AVS 65th International Symposium & Exhibition | |
Applied Surface Science Division | Monday Sessions |
Session AS-MoA |
Session: | Multitechnique Applications-When More techniques are Better than One |
Presenter: | Tina Angerer, University of Washington |
Authors: | T.B. Angerer, University of Washington D. Velickovic, Pacific Northwest National Laboratory C. Nicora, Pacific Northwest National Laboratory C.R. Anderton, Pacific Northwest National Laboratory D.J. Graham, University of Washington L.J. Gamble, University of Washington |
Correspondent: | Click to Email |
Phagocata gracilis are planarian, non-parasitic flatworms. Planarians are best known for their fascinating regenerative abilities, requiring a complex interplay of a wide range of molecules. The regeneration process and the molecules involved are still poorly understood. Most notably there is a lack of lipid and fatty acid data, a diverse group of molecules fulfilling numerous functions such as energy storage and cell signaling.

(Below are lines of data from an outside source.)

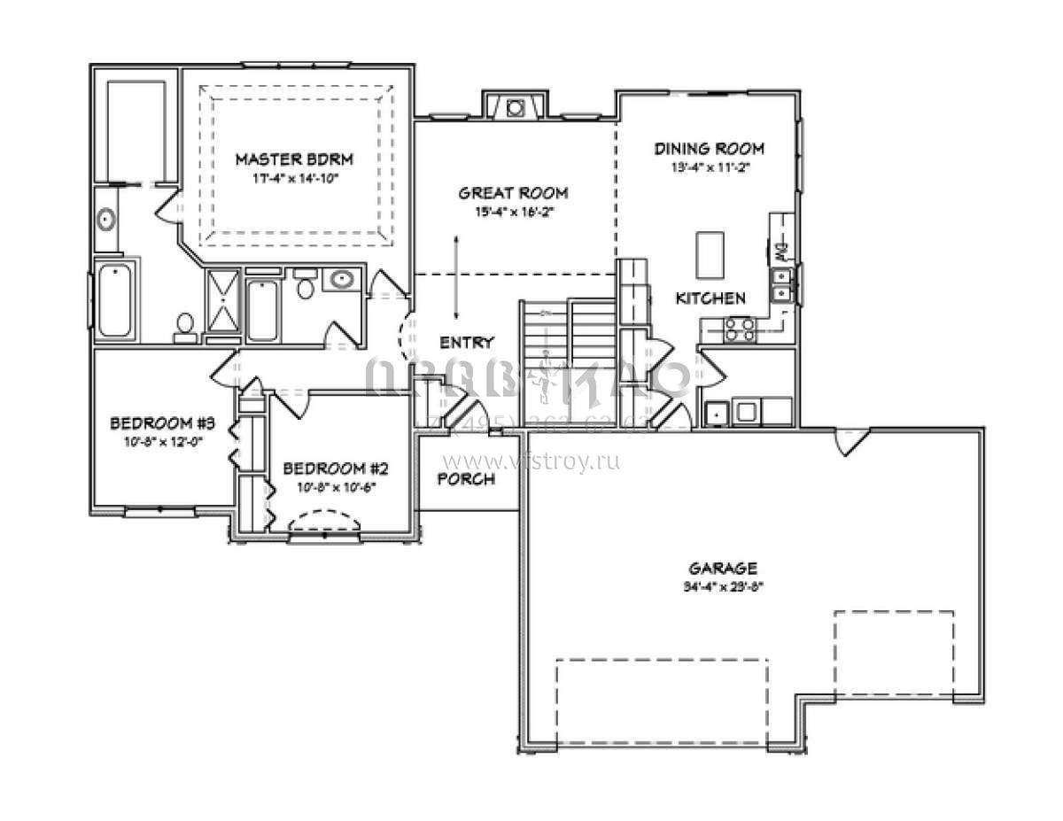 Проект одноэтажного дома с гаражом на три и более машин в стиле Ранчо S5-143 (849-00037)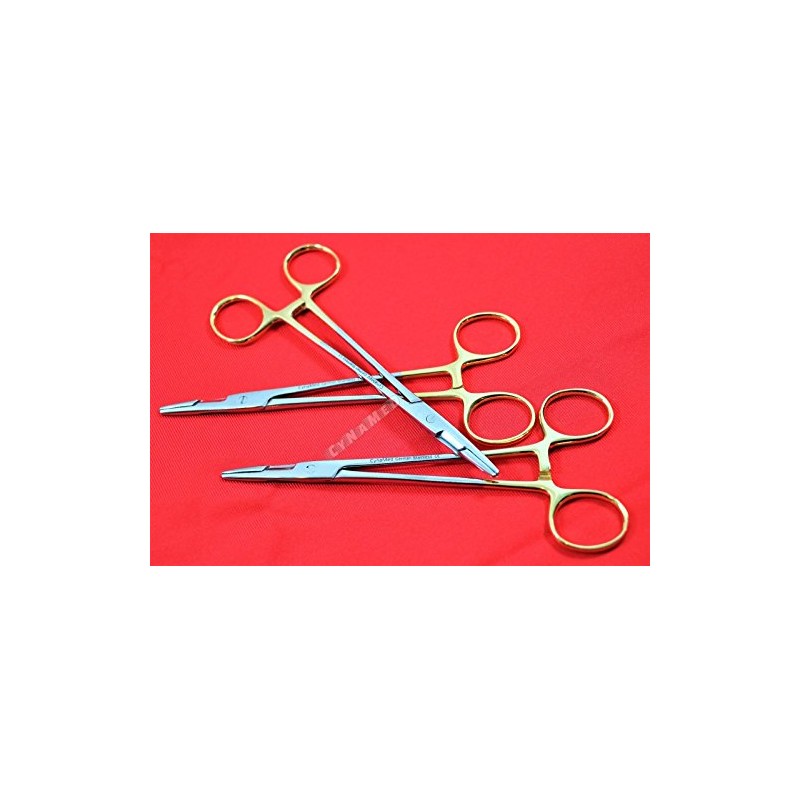 3PCS German Premium Gold Handle Olsen HEGAR Needle Holder Forceps Scissors 5.5 Inches for Plastic Surgery Veterinary Surgical CYNAMED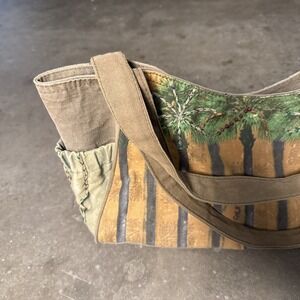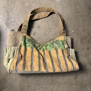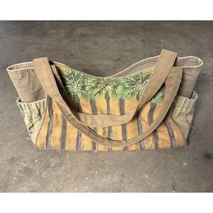 Paul Brent Large Canvas Beach Tote Bag Beaded Zip Palm Tree Jute Braid Stitched
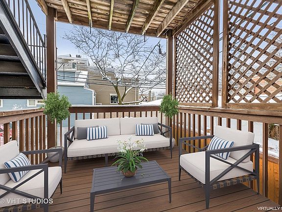 Pristine 3 bed, 3 bath duplex nestled in Roscoe Village & Level 1+ Audubon Elementary District. Enjoy a spacious, prvt rear deck, 2 (tandem) assigned parking spaces & 2 levels of spacious, thoughtfully laid out living! Open concept main level offers an opulent living room outlined by oversized windows & exquisite French doors to Juliet balcony. Lovely gas FP set in stone, perfect for winter in Chicago. Crisp white kitchen to follow complemented by an elegant archway & crown molding. Enjoy modern cabinetry, backsplash, prem granite counters, stainless GE profile appls incl newer refrigerator & stove. Well-appointed dining area off kitchen. Generously sized master suite offers a large closet & access to the prvt deck. En suite complete with Whirlpool tub for relaxation. Additional spacious bedroom & full bathroom conclude the main level. Lower level offers an expansive family room, 3rd bedroom w/ WIC, full bath & laundry room. Moments to dining, Brown line, interstate, Mariano's & more!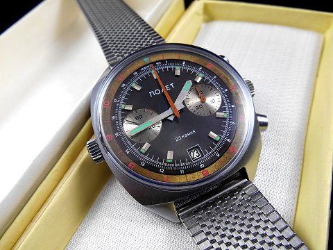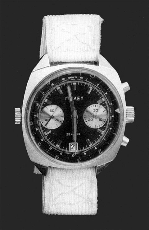 Obviously, chronographs fitted with the black "Poljot"(Cyrillic script) dial were initially produced for the military. It's interesting to note that Gorbatko wore this model into space instead of the Sturmanskie?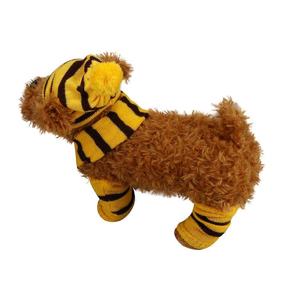 Pet Festival Knitted Winter Scarf Hat Set In Yellow And Brown For Dogs XS Size Warm 1 Set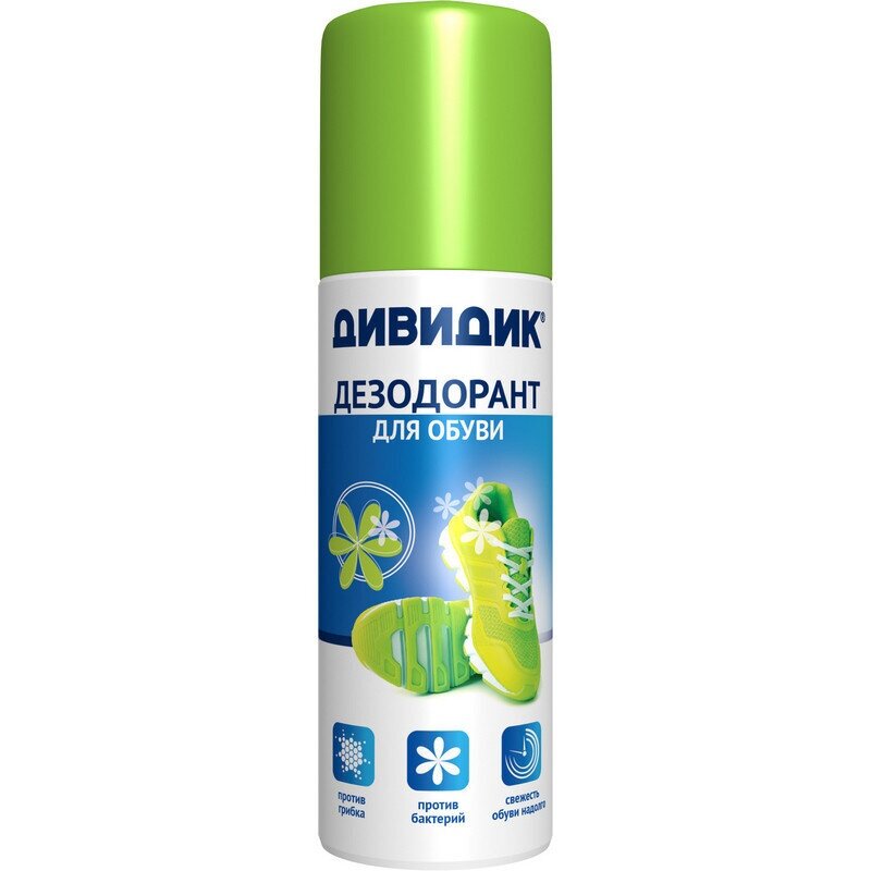 | Дополнительная информация | способ применения: встряхните баллончик дезодоранта для обуви «Дивидик» в течение 3-5 секунд; распылите средство на внутреннюю поверхность обуви, при необходимости дополнительно обработать вкладную стельку; не надевайте обувь сразу после обработки дезодорантом, необходимо чтобы она проветрилась и высохла в течение 20 минут |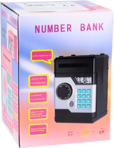 Die moderne Spardose im Tresor-Look ist ideal für Kinder, die den Umgang mit Geld lernen. Nach dem Einführen einer Banknote wird sie automatisch eingezogen, Münzen fallen durch die obere Öffnung hinein. Nach Eingabe des vierstelligen PINs öffnet sich die Tür; bleibt sie offen, erinnert die Spardose nach ca. 20 s daran, sie zu schließen.
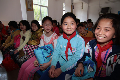 车刚到小坑镇中心希望小学,志愿者们迫不及待地将筹集到的1047册图书搬进早已在学校饭堂等候的老师们手里。看到一箱一箱书籍搬入,孩子们笑的很灿烂。“好开心又有新书看了,我最喜欢看《蓝色的兔耳朵草》。”来自六年级的邓芷琳小朋友兴致勃勃讲起书中内容,“图书讲的是主人为了给虎皮猫治病,历经千辛万苦找蓝色的兔耳朵草,很勇敢很感人。”邓芷琳说她最喜欢里面的一句话是:只要心中有爱,奇迹就一定会出现。随后,众多小朋友们为志愿者表演了《弟子规》等多首古诗词朗诵。

To gain a better understanding of the lipidomic landscape in planarians we analyzed positive and negative ions from longitudinal sections of P. gracialis with MALDI-FTICR-MS and ToF-SIMS along with homogenized whole worm extracts with LC-MS/MS.

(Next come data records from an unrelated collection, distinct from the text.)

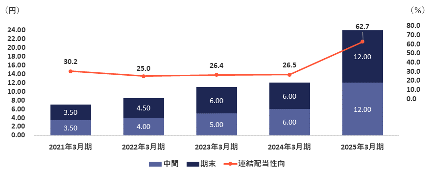 以上のことから、新中期経営計画では初年度である2025年3月期に現行1株あたり配当金12円を倍である24円とし、2026年3月期に配当性向を60%以上まで引き上げ、最終年度までに上限30億円とする自己株式の取得を含む総還元性向70%以上とする方針を掲げ、投資家の皆様から魅力ある投資対象とするため、収益はもとより株主還元策を拡大いたします。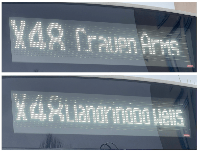… compared to Powys County Council who has its name and logo on the side and front of the bus.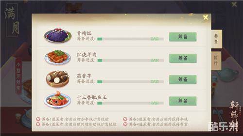 自11月20日起,少侠可以通过满月活动页面参与帮派宴会活动,化身“云山小当家”按每日随机生成的菜单筹备帮派佳肴。玩家制作菜肴的品级评价将影响帮派筹备进度,优质品级可大幅提高筹备进度,每日达成筹备进度后可以在当晚19:30成功开启帮派宴席,与好友共度欢庆时刻。在品尝美味佳肴、载歌载舞时也可获得个人属性加成等奖励,更有隐藏任务等待少侠触发!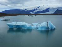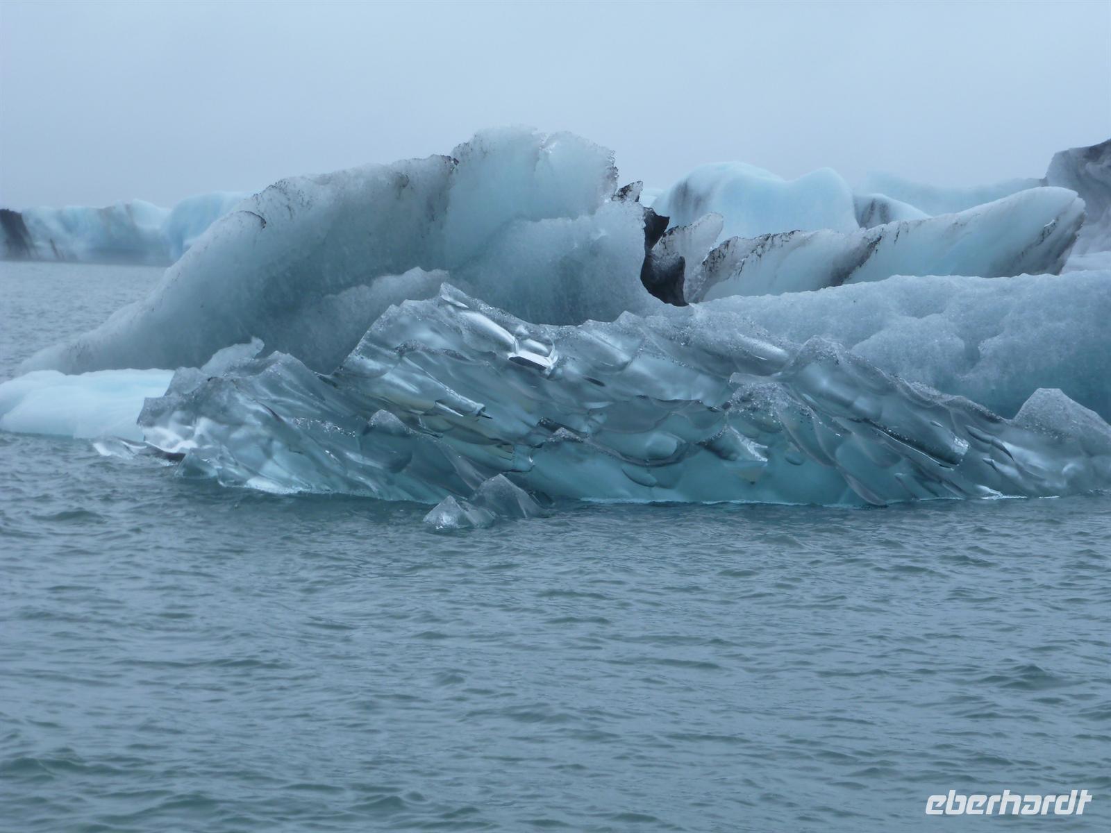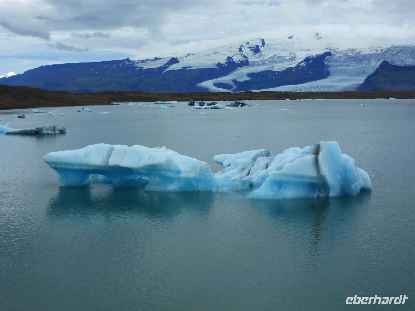 Hier schwimmen riesige Eisbrocken, die von der Gletscherzunge des Breidamerkurjökull (eine Gletscherzunge des Vatnajökull) abgebrochen oder gekalbt sind, in der Lagune. Wir sind mit einem Amphibienfahrzeug, welches gleichzeitig ein Boot ist, durch die Lagune gefahren und haben die Eisbrocken bestaunt. Nachher ging es hoch auf den Gletscher. Wir wurden in einem „Monsterjeep“ - ein sehr komfortabler 4x4 Jeep unterhalb des Gletschers abgeholt und sind über eine Schotterpiste auf den Berg hoch zum Skalafellsjökull gefahren. Dort oben haben wir leider im strömenden Regen Skianzüge, Helm und Stiefel bekommen und sind dann mit Motorschlitten raus auf den Gletscher.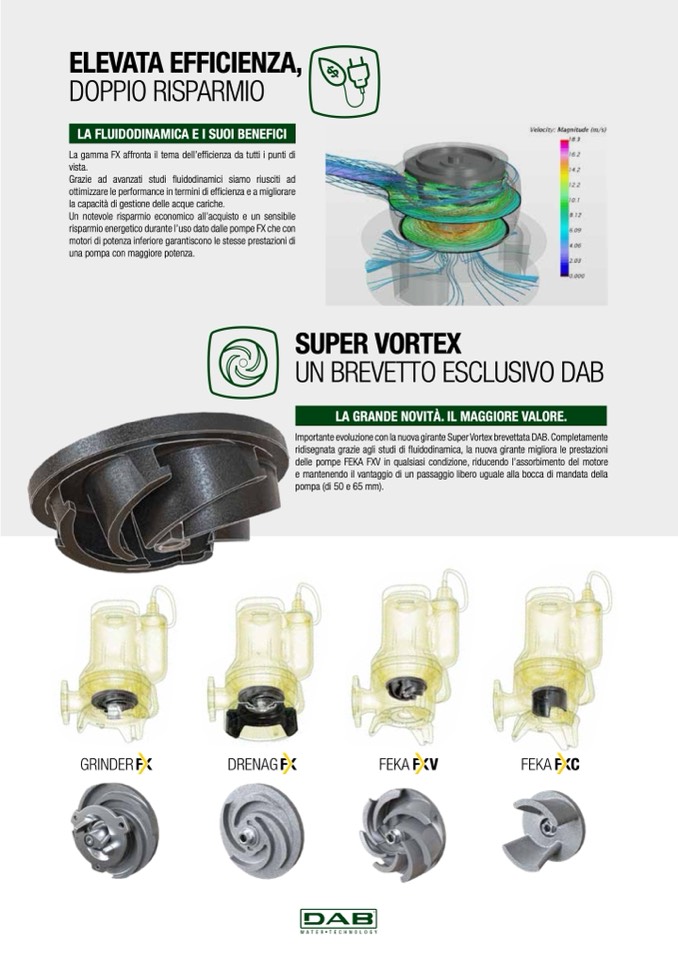 Importante evoluzione con la nuova girante Super Vortex brevettata DAB. Completamente

Imaging MALDI-FTICR-MS (15T, Bruker Solarix) provides location specific (50 µm/pixel ), ultra-high mass resolution (R≈250,000 @m/z=400) and ultra-high accuracy (<1ppm) lipid data capable of distinguishing intact lipid species of similar exact mass and showing their distribution in the tissue. The drawbacks for this technique are that the spatial resolution is too low to clearly identify features within the worm and its low fragmentation rate. While beneficial for molecular peak intensities, the lack of fragments does not allow for specific lipid assignments with structural information (e.g. lipid headgroup and both fatty acid chains identified).

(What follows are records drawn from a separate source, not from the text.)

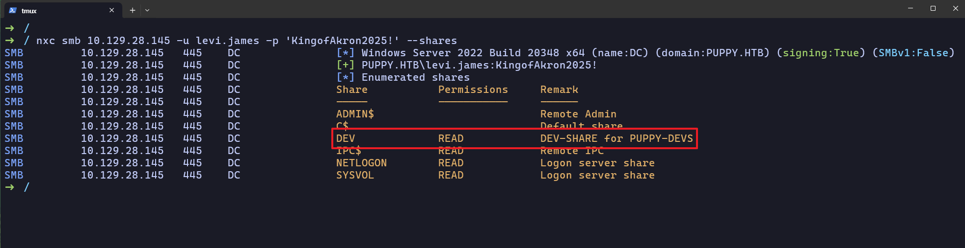 SMB 10.129.28.145 445 DC DEV DEV-SHARE for PUPPY-DEVS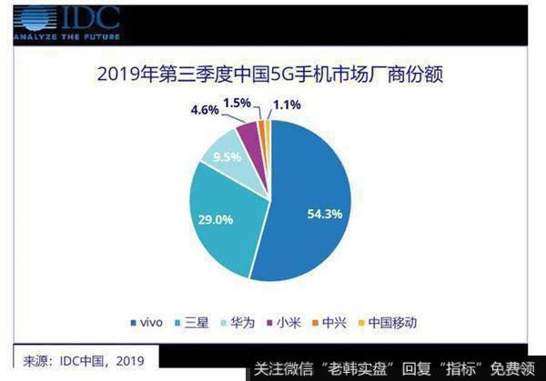 调研机构 IDC 上月公布的 2019 年第三季度中国 5G 手机出货量报告显示,今年第三季度中国5G手机整体出货量约48.5 万部,其中 vivo 以 54.3%的市场份额排名第一,三星和华为则分列第二、第三位。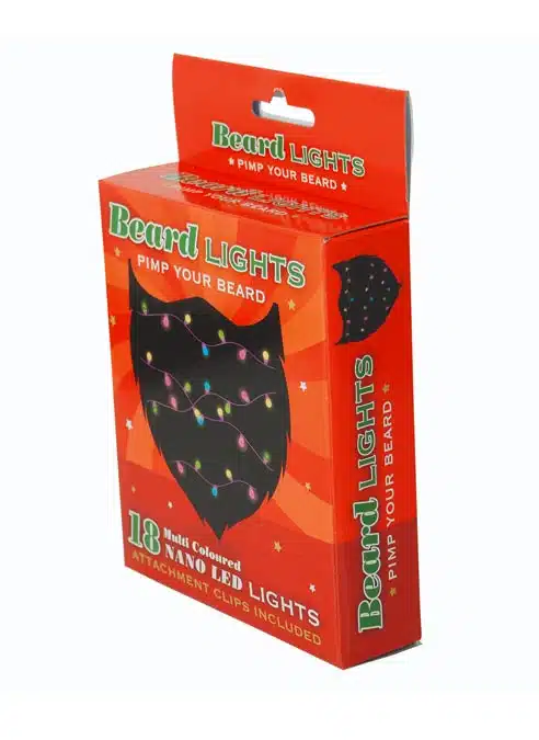 Remove lights from packagine and affix the light string to your beard with the crocodile clips provided. Use on clip for every 9 cm of length. Switc on and change the light mode to your preference.

Imaging GCIB-ToF-SIMS (J105, Ionoptika) generates high mass accuracy (< 5ppm), cell/organ-specific data (3 µm/pixel) consisting of intact lipids, lipid fragments and fatty acids. The moderate mass resolution (R≈10,000@m/z=700) is sufficient to resolve most lipid species. Mass peaks consisting of more than one species are indicated by broad and/or asymmetric peaks with poor mass accuracy. However co-localizing fragments can add confidence for the assignment of overlapping species, provide us with structural information and allow for unambiguous identification of resolved peaks.
LC-MS/MS (Thermo Velos Pro Orbitrap ) separates different lipid species prior to fragmentation so, in contrast to SIMS, the observed lipid fragments are guaranteed to stem from the analyzed species. The drawback with this technique is that it provides no location specific information. Similar to SIMS, lipids with similar mass are not separated leading to mixed fragments in the MS/MS data. Comparing LC-MS/MS to SIMS data shows that the same lipid fragment species are present in both spectra.
This work demonstrates that only by correlating all 3 techniques can we get highly accurate, high mass, high spatial resolution, structural and location specific lipid information. Together this data provides detailed information about all major structures and organs within planarians.